Firstly, in some spheres of national policy analysis – especially electoral research – political science has developed considerable forecasting potential. Secondly, it cannot be predicted precisely when such highly complex events as democratisation movements, revolutions and civil wars will occur. At best, probabilistic statements are possible, that is to say, statements on a certain level of the probability of political structures changing or enduring. At the same time, political scientists continue to differ widely in their opinions on what social and economic factors are relevant indicators of such phenomena and how individual factors should be weighted one against the other. However, this is not peculiar to political science. In modern economics, too, the causes of complex economic phenomena – such as debt or monetary crises – are still disputed, with the result that most forecasts published by economic advisory boards or commissions are worded in very general terms and extremely varied in their accuracy.

Yet it is true to say that political science faces particular challenges arising primarily from the absence of a uniform understanding of what it is. In Germany at least, there is anything but a consensus on what its tasks are, what skills it is seeking to acquire and what methods it should employ. Whether it should focus on explaining, describing or levelling normative criticism at political situations continues to be a controversial issue among its various schools of thought. This is especially true of the study of developing countries and regions, where representatives of modern branches of the social sciences, which place greater emphasis on explaining political phenomena, compete with the representatives of descriptive historical approaches and normatively critical schools of neo-Marxist origin.

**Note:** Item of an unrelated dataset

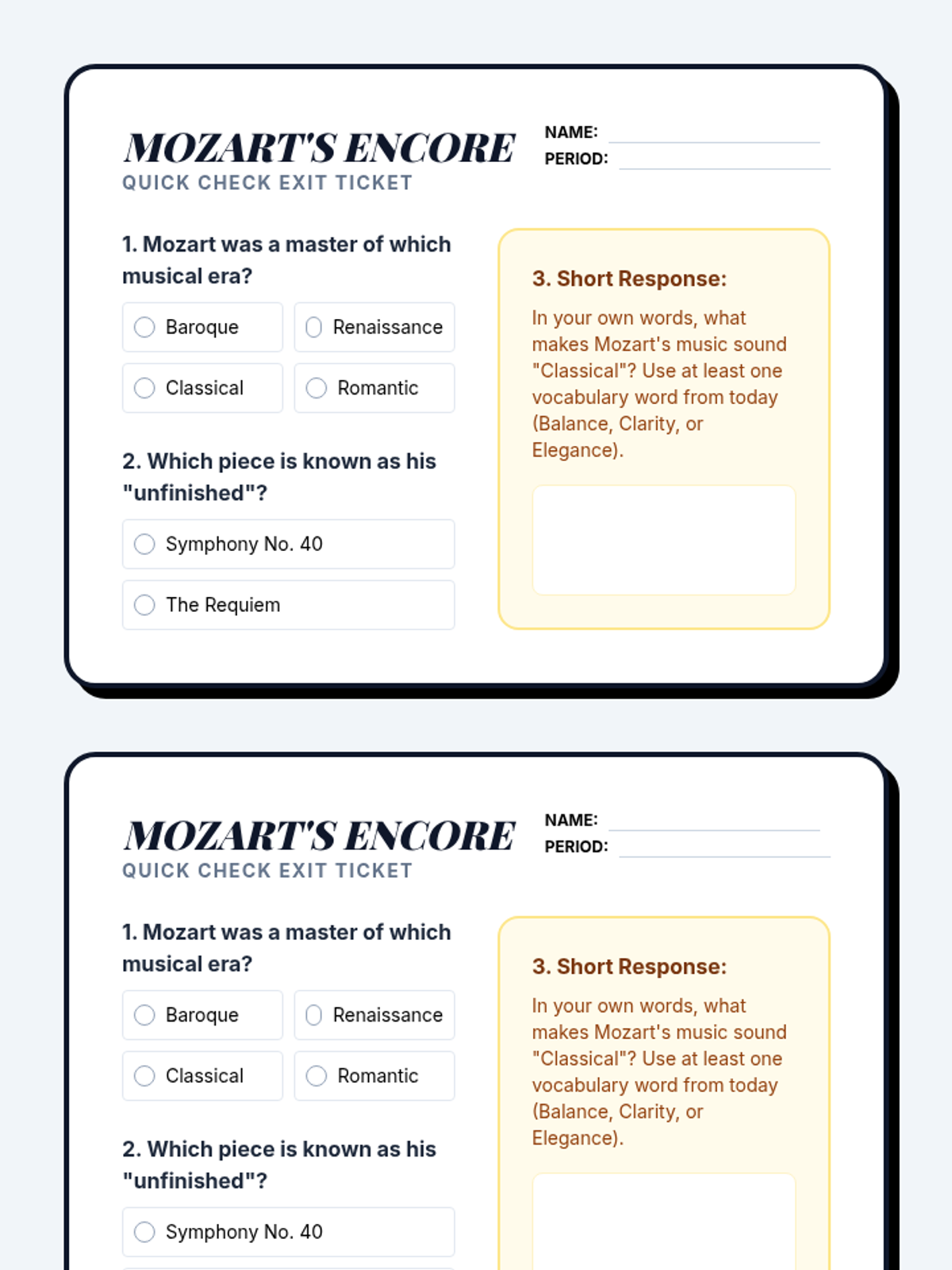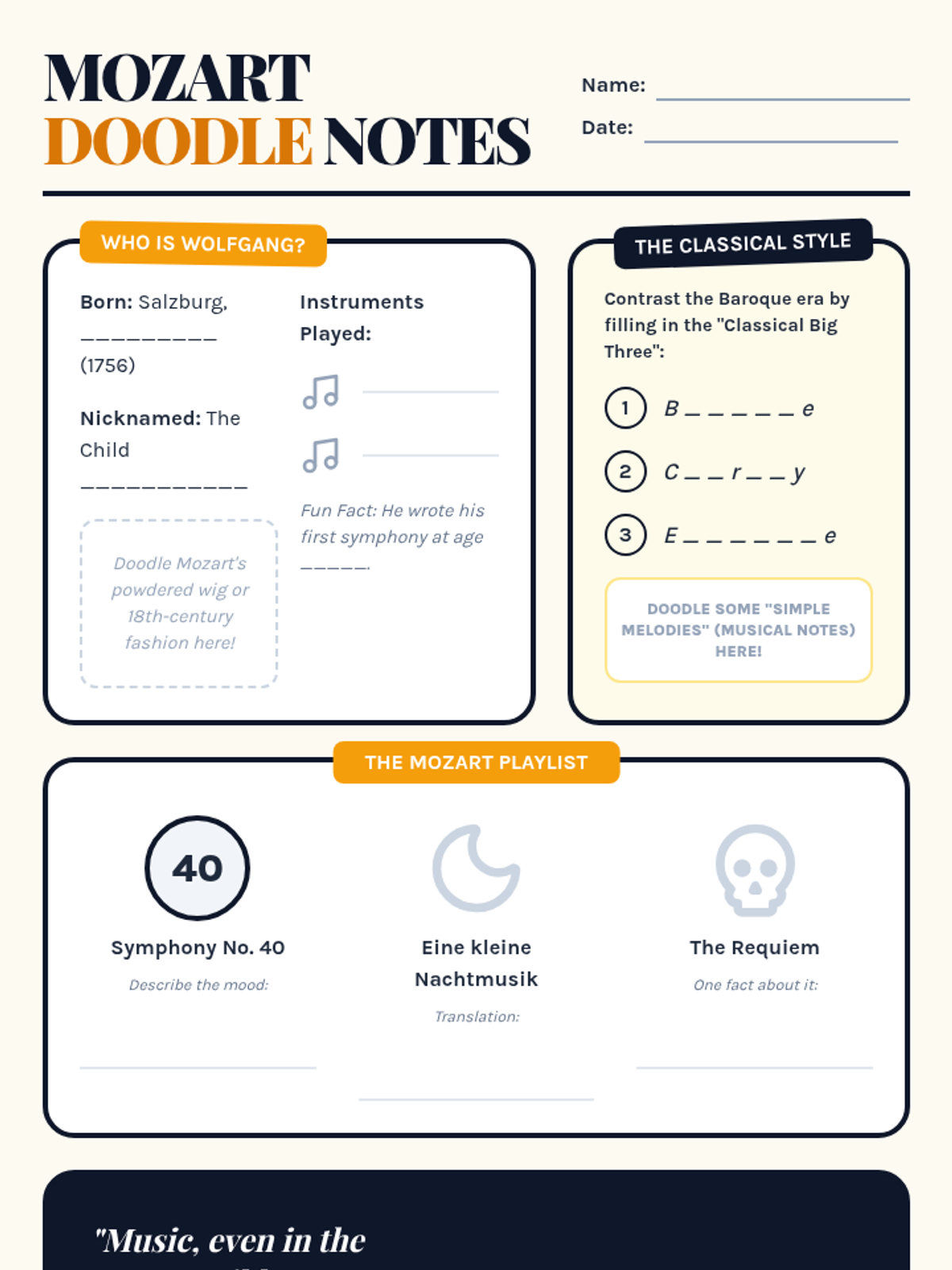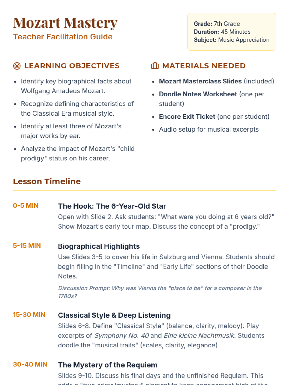 A comprehensive lesson exploring the life, music, and legacy of Wolfgang Amadeus Mozart, designed for a 45-minute middle school music appreciation class. Students will engage with a visual presentation, interactive doodle notes, and a concluding exit ticket.

This lack of agreement on the goals of political science is an obstacle not only to a cumulative process of learning about the causes of past political phenomena and trends, but also to ways of transforming viable findings on cause-and-effect relationships into predictions of future developments. Although economics, too, has its debates on theories and methods, there is a basic consensus that theories and methods should be measured by their ability to explain economic phenomena, which greatly facilitates that transformation into scientific forecasts. They, of course, seek to draw from the factors that explain past events conclusions for statements on the likelihood of future events or trends.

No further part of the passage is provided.